A Matter of Life and Death, or,
The Filmmaker's Nightmare
Some years ago, I started thinking about joining the small and relatively under-sung genre of behind-the-scenes films. This may have come about through reflection on my own practice as a filmmaker, questioning certain ideas about the urge to create worlds and the obsessiveness that can cause disregard of other aspects of life when, as a filmmaker, you feel, as Herzog once said, that “my films are my life.” I feel no differently: they consume my time, and my whole life revolves around thinking about them, travelling to make them, editing for months in dark rooms, working on soundtracks, and then travelling to show my films. It makes sense to me that, at some point, I would want to directly make a film about this construction.
For my film The Sky Trembles and the Earth is Afraid and the Two Eyes Are Not Brothers, I wanted to move among different realms of reality—storytelling, songs, observation of a film being made, fiction—so that, in the end, the viewer is uncertain about where the fiction begins and ends. The films in this series fall generally into two camps: one, the observational documentary; the other, a fictional recreation of a film set or filmmaker. What ties them all together is that they each show the darker side of filmmaking and its repercussions. I’m interested in the question of why filmmakers want to expose the dark side of filmmaking.

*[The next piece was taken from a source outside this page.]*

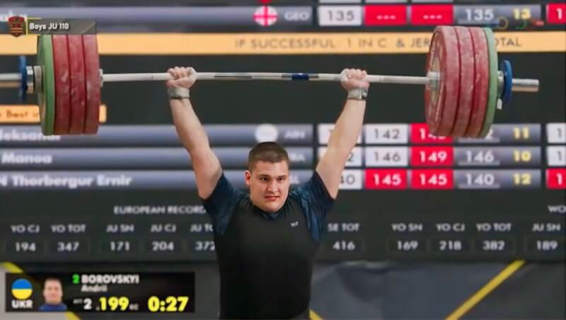 19-річний Андрій Боровський у цій же категорії 110 кг став бронзовим призером у поштовху з результатом 199 кг і посів 5 місце за сумою двоборства (357 кг).

There is something perversely compelling about seeing someone who is a mirror version of yourself being taken down a road of obsession and disaster, finding what at the end?
The documentaries in this series show actual film productions that are falling apart at the seams, as in Hearts of Darkness and Demon Lover Diary. Like the latter, the eerily beautiful Cuadecuc, vampir shows the making of a low-budget horror film, but keeps the nightmare to a general sense of unexplained unease.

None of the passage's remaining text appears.